A common SOA design pattern decomposes a service into multiple references to other services, referenced via request/response JMS interactions.  The implementation commonly uses XPDL, BPEL or some proprietary variant running on a workflow engine such as Tibco BusinessWorks or BEA(Oracle) Aqualogic Service Bus. Such services commonly require some state (e.g. summing of balances) and non trivial logic (implementing business rules). That makes them difficult to implement using data flow oriented tools such as Apache Camel or Spring Integration. An actor implementation is a much better match to the requirements and the general model behind such composite services.  The service can be long running (1-20 seconds) essentially mandating the usage of a reactive actor to avoid holding a thread. There are many actor implementations that could be considered. Akka actors are a particularly good match
  1. Runs on Scala, allowing reuse of the entire Java ecosystem and existing application code base
  2. Small footprint, reactive actors
  3. Trivial integration with Camel and hence to a wide range of integration mechanisms (JMS, AMQP, REST, etc)

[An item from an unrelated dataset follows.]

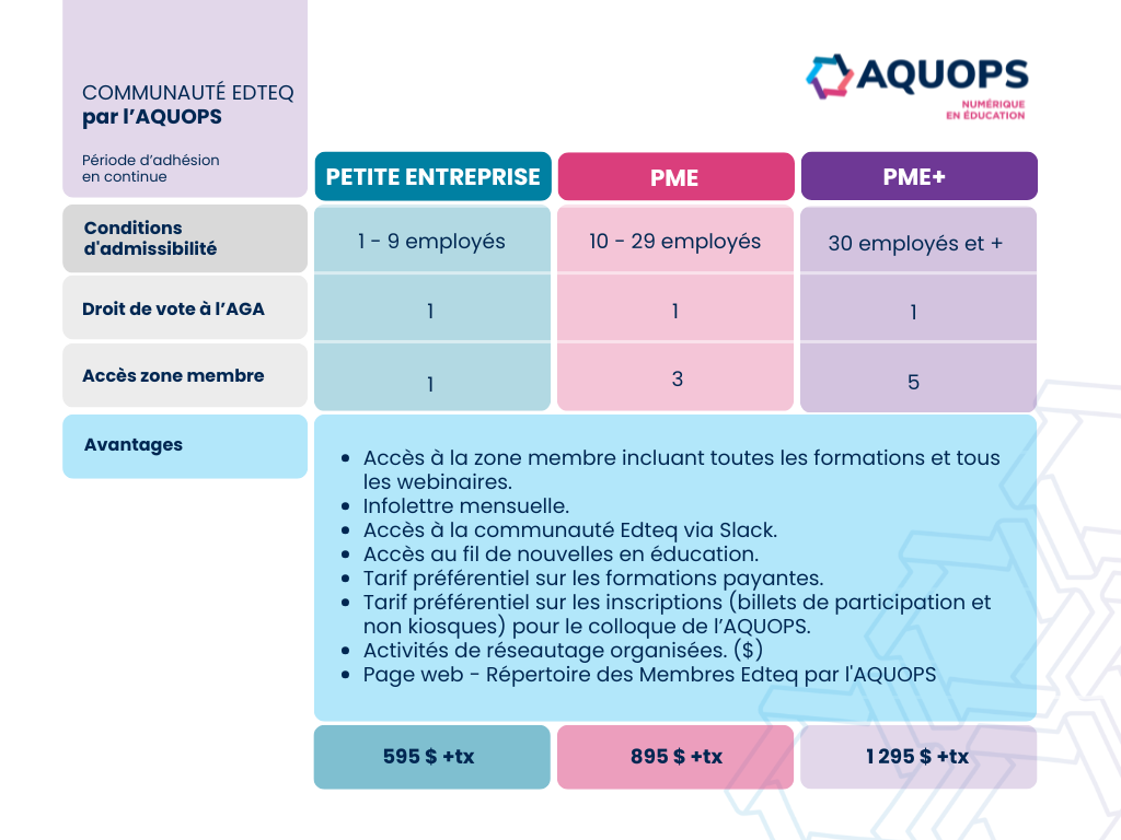 Vous souhaitez développer votre présence dans le milieu de l’éducation et toucher un réseau de plus de 1 200 professionnels passionnés par le numérique? La communauté Edteq par l'AQUOPS vous offre un programme de partenariat conçu pour répondre à vos besoins et vous aider à atteindre vos objectifs.

A simple service might support a IVR system that reads back the balance of the account associated with the callers phone number. The IVR sends a JMS message containing the phone number and expects a JMS message containing the balance in response. Two sub-services are referenced to map number to account and account to balance. Each sub-service listens on a JMS queue and replies with the required data. An interaction with a  sub-service requires the sending of a JMS message containing the request data and a Correlation ID that will be included in the reply message so it can be tied back to originator.  The actor implementing the composed service would then have the skeleton form
class CompositeService extends Actor {
def receive = {
  case (CorrelationID,Acct) => //invoke Acct -> Balance service
  case (CorrelationID,Balance) => //reply to IVS application
 }
Where each case matches the contents of the JMS reply message from the external service. The service reference to map the phone number to account needs to be performed by the actor so that it does not block the logic that handles the initiating message from the IVR system. We then have
class CompositeService extends Actor {
var replyTo:Destination = _
def receive = {
  case (Destination, Number) => //invoke Number -> Account service
  case (CorrelationID,Account) => //invoke Acct -> Balance service
  case (CorrelationID,Balance) => //reply to IVS application
}
Where Destination is the JMS ReplyTo address of the IVR systems. The actor has state (the replyTo field) and new instance must thus be created for each invocation by the IVR system. The reply from each sub- service invocation is sent to the actor instance for processing. The above is certainly workable, but has some disadvantages
  1. Mandates usage of actors Unit testing would be easier with a serialized implementation.
  2. Mandates the usage of Akka
  3. Difficult to map more complex orchestration into this structure. The primary force behind the usage of XPDL, BPEL, etc was the desire to move the orchestration definition into the hands of business process designers.
The goal is to provide a library with which such orchestrations can easily be implemented.  It is unlikely to be directly accessible to business process designers since it requires some Scala knowledge. Compiling a representation such as XPDL into the Scala implementation should be straightforward, providing as such support to the business process designers as the commercial implementations.